# 585 Vs. 595 sizing (M or S)



## Pizza Man (Oct 25, 2006)

Hello, 

I ride a M (53cm) in a 585 and am considering a 595, but I have relatively short legs & a long torso. I'm 174cm tall & ride with a bb to saddle distance of 71cm.

I have figured that if I were to get a 595 in M I'd have to cut the seat tube about 1cm or so below the edge of the "L" in the frame :cryin: 

My other option is to go with the S, but with a 120mm or 130mm stem.
Would this, combined with the shallower 72 degree head tube angle, make the steering real sluggish?

Any opinions on which size would be better for me?

I plan to use the bike both for road races of 50-100 miles and for crits.

Thanks,

PM


----------



## acid_rider (Nov 23, 2004)

*are you happy on current size?*



Pizza Man said:


> Hello,
> 
> I ride a M (53cm) in a 585 and am considering a 595, but I have relatively short legs & a long torso. I'm 174cm tall & ride with a bb to saddle distance of 71cm.
> 
> ...


it depends:

what is your current saddle to bar drop and how many mm of spacer are you carrying and what is your stem length on 53cm Medium 585?

this will answer the question about 51cm Look but my feel is you should stick with 53cm (medium) in 5x5 Look. I am same height and saddle height as you. What is your cycling inseam? I have 83cm. I was measured and told to go with 53cm but I can not tolerate big saddle to bar drop, I only have 15-20mm drop before my back says "no".

Also note that STA for 51cm Look is quite steep 74.5 degree versus 73.75 on 53cm so this would put your more forward which you may not want.

C-40 might add more valuable input here.

good luck


----------



## Pizza Man (Oct 25, 2006)

Thanks for the reply.

I am very flexible and like to ride with 6-8cm saddle to bar drop.
But the 585 in M w/o spacers only drops about 4cm with standard -6 degree stem at 110mm. I figured with a small 595 and 1cm of spacers & a 120mm stem I could get about the same reach with a little more drop (which is good).

The 74.5 seat angle on the S would be OK since I like to ride forward. My current setback from front of saddle is 4.5 cm.

So either S or M would fit, the difference being a 10mm longer stem (& 1 degree slacker head tube) on the S or having to cut the seat tube fairly low on the M.

On the S, I'm just concerned about the difference in turning quickness with the slacker head angle & longer stem.


----------



## ethanweiss90 (Aug 14, 2006)

i wouldn't worry tremendously about the differences in stem length and HT angle.

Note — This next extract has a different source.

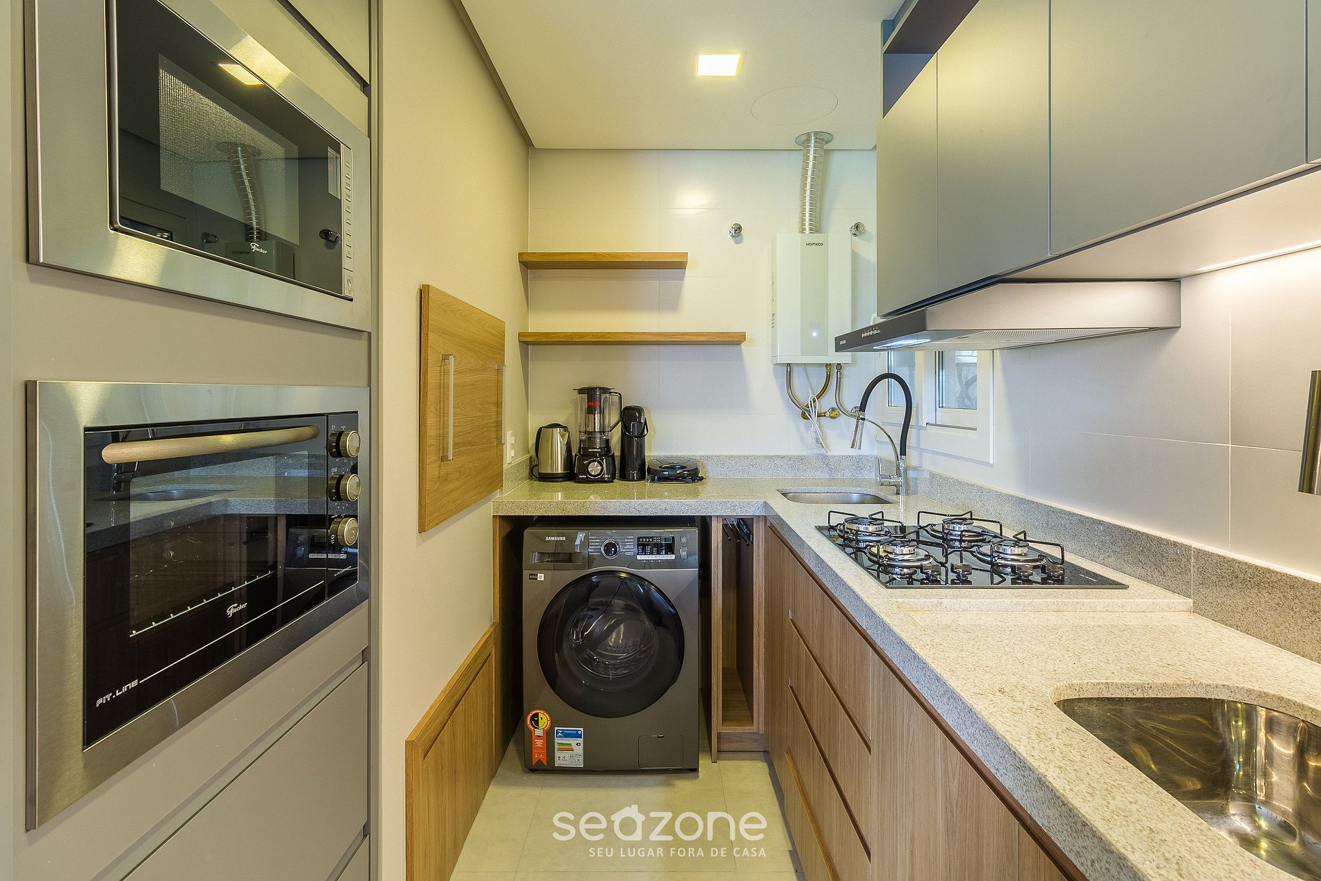 - Cocina totalmente equipada con refrigerador, placa de gas, horno eléctrico, microondas, sandwichera, kit de café (portafiltro, termo), hervidor eléctrico, licuadora, copas de vino, ollas, platos y utensilios;

In my experience, riding stems of between 90mm and 130mm, the shorter stems always provide _too_ much quickness. A longer stem has provided more accuracy and surer handling. No 585 geometry combination will give the rider a lack of race-worthy steering. I'd go for the S.


----------



## Pizza Man (Oct 25, 2006)

*Small it is.*

Thanks.


----------